Analytical and finite element method design of quartz tuning fork resonators and experimental test of samples manufactured using photolithography 1—significant design parameters affecting static capacitance C0

Abstract Resonance frequency of quartz tuning fork crystal for use in chips of code division multiple access, personal communication system, and a global system for mobile communication was analyzed by an analytical method, Sezawa’s theory and the finite element method (FEM). From the FEM analysis results, actual tuning fork crystals were fabricated using photolithography and oblique evaporation by a stencil mask. A resonance frequency close to 31.964 kHz was aimed at following FEM analysis results and a general scheme of commercially available 32.768 kHz tuning fork resonators was followed in designing tuning fork geometry, tine electrode pattern and thickness.
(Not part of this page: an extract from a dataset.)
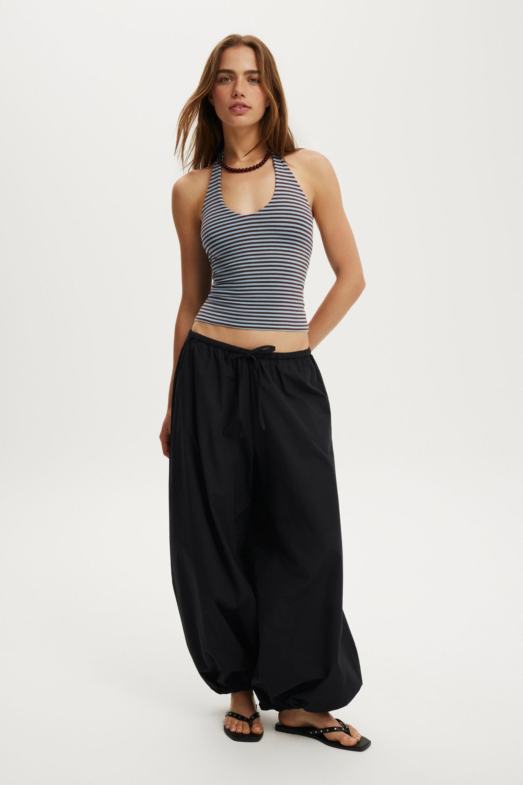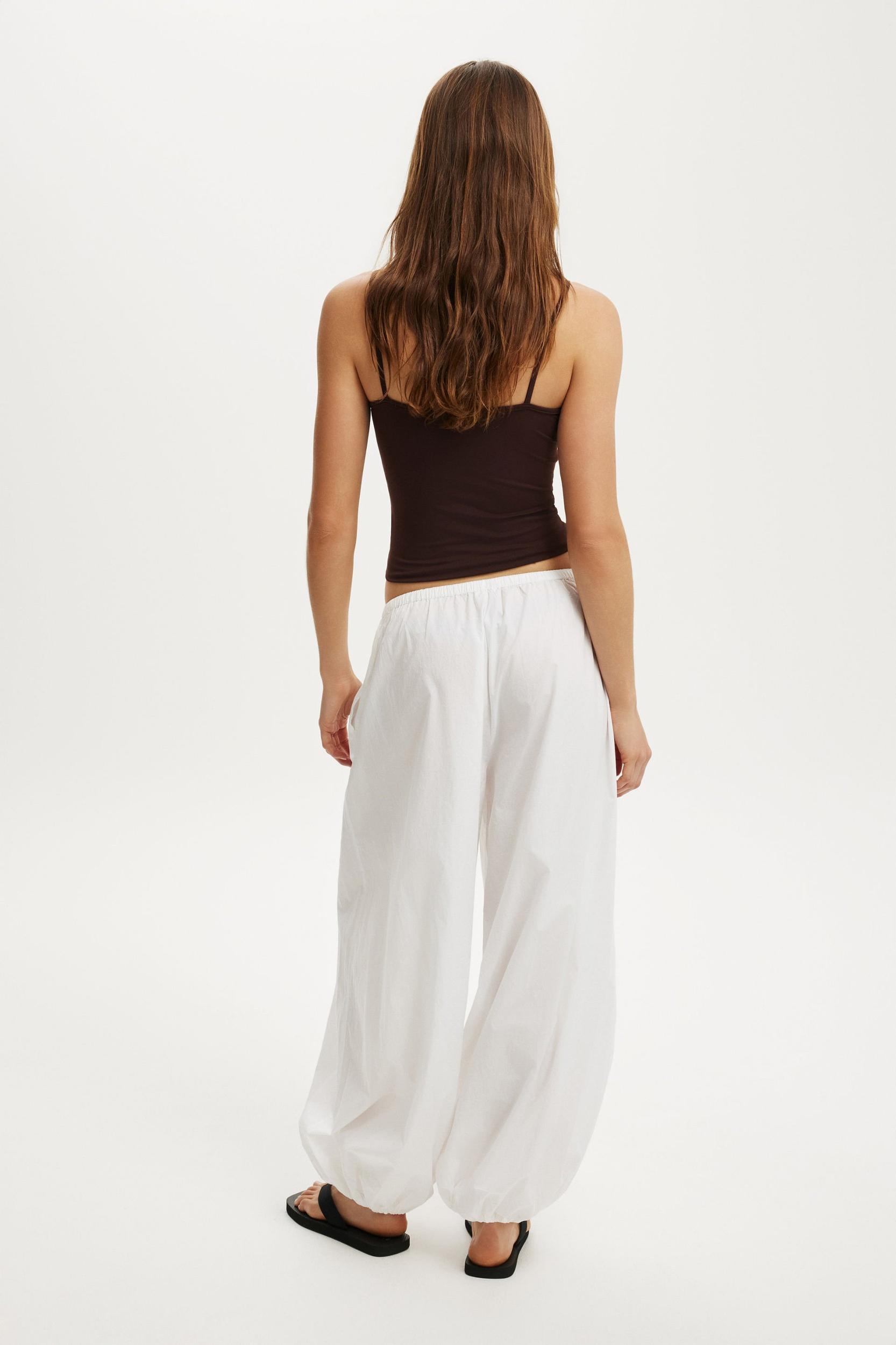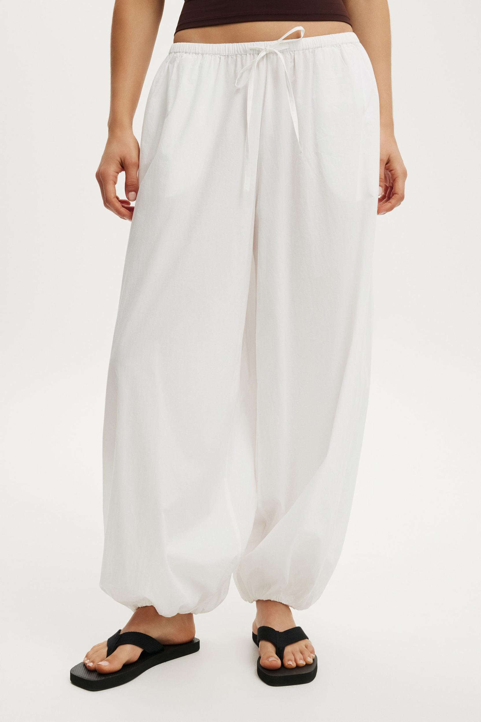 Relaxed fit ,Mid-low rise ,Balloon leg silhouette ,Elastic waistband with drawstring ,In-seam side pockets ,Unlined ,Elastic hem ,Breezy, soft cotton poplin fabric ,72cm inleg length
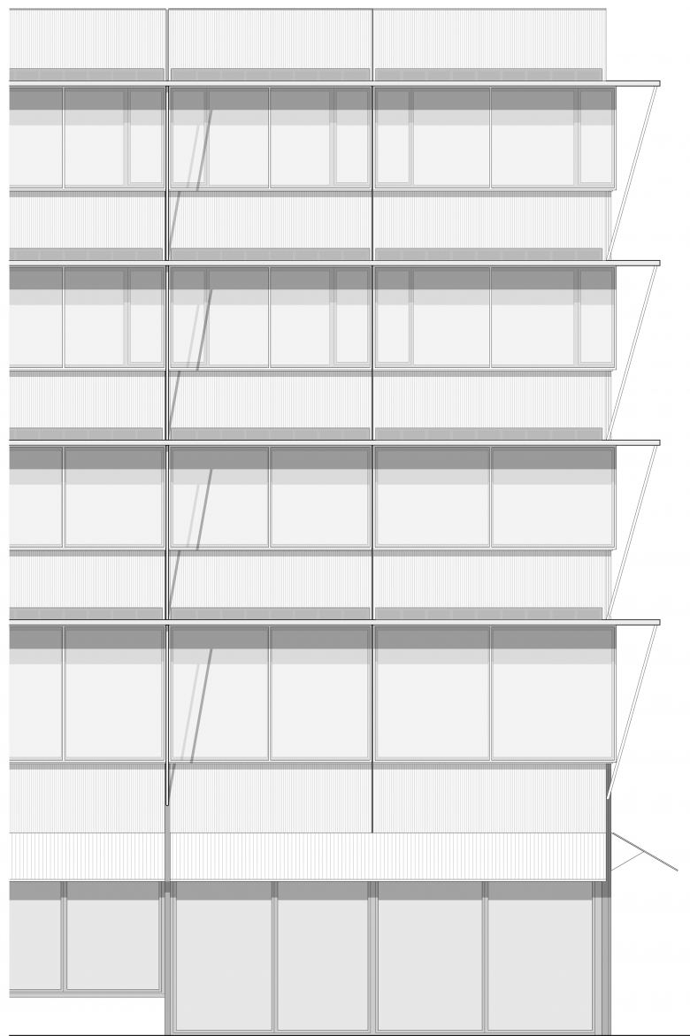 The multi-storey car park building responds to its relatively prominent position with a strikingly slender concrete structure and a lushly planted facade. In contrast the hospital and the ancillary buildings are timber-built with massively constructed underground floors. The prefabricated dry timber construction system uses purely mechanical connections, ensures speedy construction, reduces the grey energy used in production, and allows the building components to be reused later. Photovoltaic modules integrated in the facades produce energy while also providing shade and protection from the weather.

Comparison was made among the modeled and experimentally measured resonance frequencies and the discrepancy explained and discussed. The average resonance frequency of the fabricated tuning fork samples at a vacuum level of 3×10−2 Torr was 31.228–31.462 kHz. The difference between modeling and experimentally measured resonance frequency is attributed to the error in exactly manufacturing tuning fork tine width by photolithography. The dependence of sensitivities for other quartz tuning fork crystal parameter C0 on various design parameters was also comprehensively analyzed using FEM and Taguchi’s design of experiment method. However, the tuning fork design using FEM modeling must be modified comprehensively to optimize various design parameters affecting both the resonance frequency and other crystal parameters, most importantly crystal impedance.